[Start of Attachment]

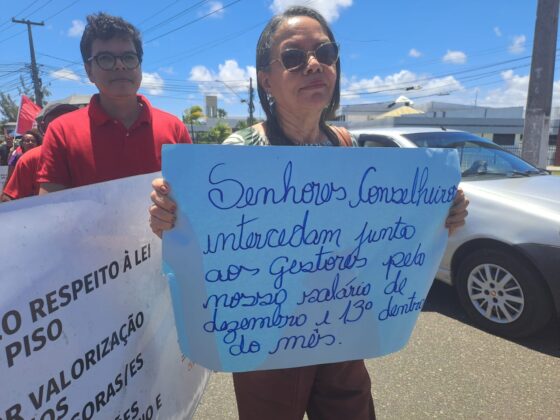 “A gente queria um dezembro diferente, mas, infelizmente, os gestores públicos escolhem a classe dos trabalhadores, aqueles que servem a população sergipana, passar o Natal com suas famílias de panelas vazias. Fica aqui o nosso repúdio a estes gestores, mas acreditando na força da nossa luta, dos professores e servidores, todo mundo unificado, que a gente vai reverter essa situação. Esperamos que cada prefeito assuma seu compromisso e pague salário, férias e 13º”, coloca a vice-presidenta do SINTESE.
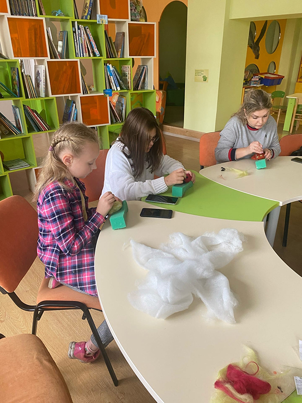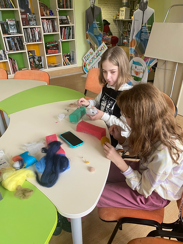 В библиотеке им. Горького прошел очередной мастер-класс по валянию из шерсти, который провела директор-преподаватель студии «Шмель» Юлия Алишеровна Незаленова. Ребята вместе с Юлией придумывали ярких персонажей и создавали их из шерсти в технике сухого валяния.
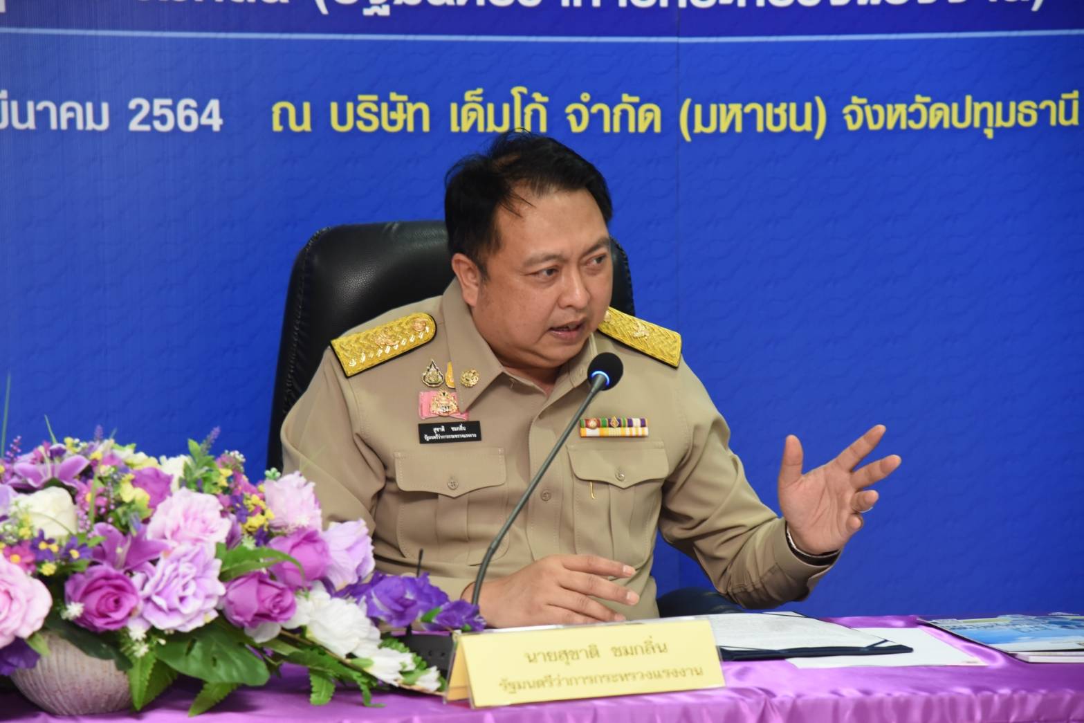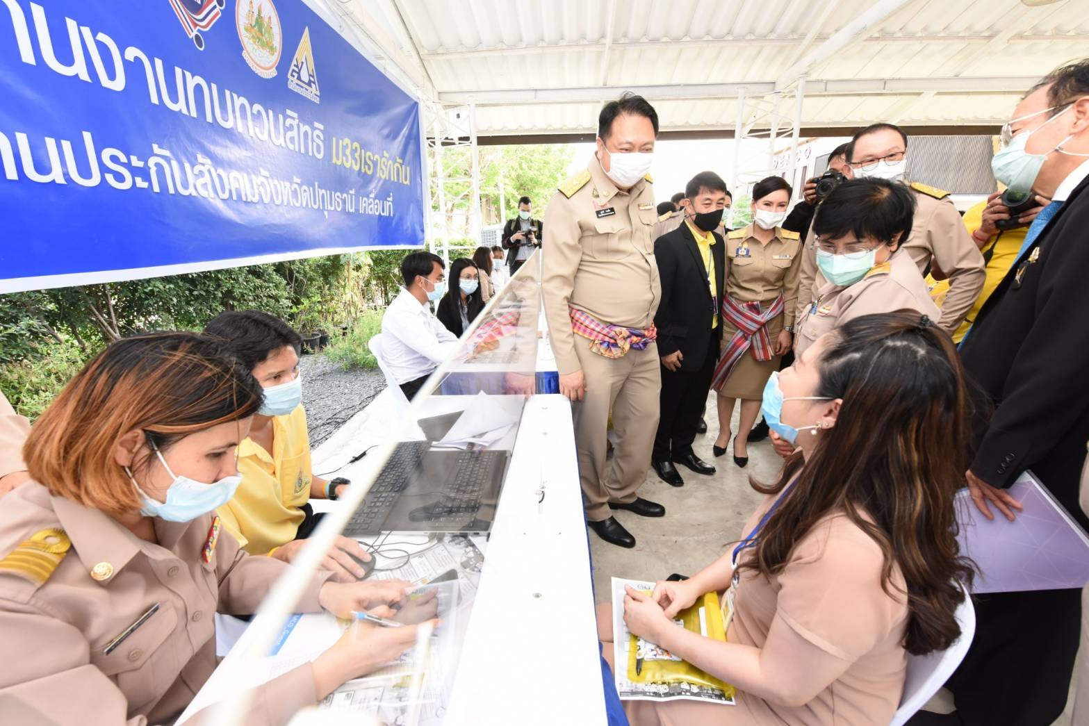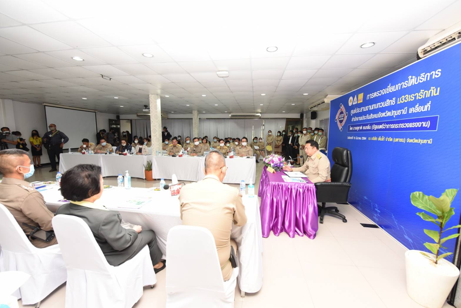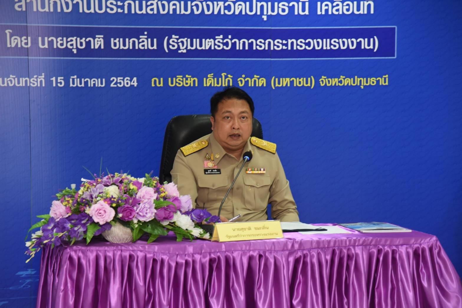 นายสุชาติ ชมกลิ่น รัฐมนตรีว่าการกระทรวงแรงงาน นำทีมลงพื้นที่จังหวัดปทุมธานี ตรวจเยี่ยมการให้บริการศูนย์ประสานงานทบทวนสิทธิโครงการ ม33เรารักกัน ณ สำนักงานประกันสังคมจังหวัดปทุมธานี และศูนย์ประสานงานฯ เคลื่อนที่ ณ บริษัท เด็มโก้ จำกัด (มหาชน) จังหวัดปทุมธานี

[End of Attachment]

• [REQUIRED WORK] Exactly the lines from the line with "В библиотеке им." through the last line of the listing, both included, should be extracted, and the pictures left behind.

• [RESULT OF THE TASK]
 В библиотеке им. Горького прошел очередной мастер-класс по валянию из шерсти, который провела директор-преподаватель студии «Шмель» Юлия Алишеровна Незаленова. Ребята вместе с Юлией придумывали ярких персонажей и создавали их из шерсти в технике сухого валяния.
 นายสุชาติ ชมกลิ่น รัฐมนตรีว่าการกระทรวงแรงงาน นำทีมลงพื้นที่จังหวัดปทุมธานี ตรวจเยี่ยมการให้บริการศูนย์ประสานงานทบทวนสิทธิโครงการ ม33เรารักกัน ณ สำนักงานประกันสังคมจังหวัดปทุมธานี และศูนย์ประสานงานฯ เคลื่อนที่ ณ บริษัท เด็มโก้ จำกัด (มหาชน) จังหวัดปทุมธานี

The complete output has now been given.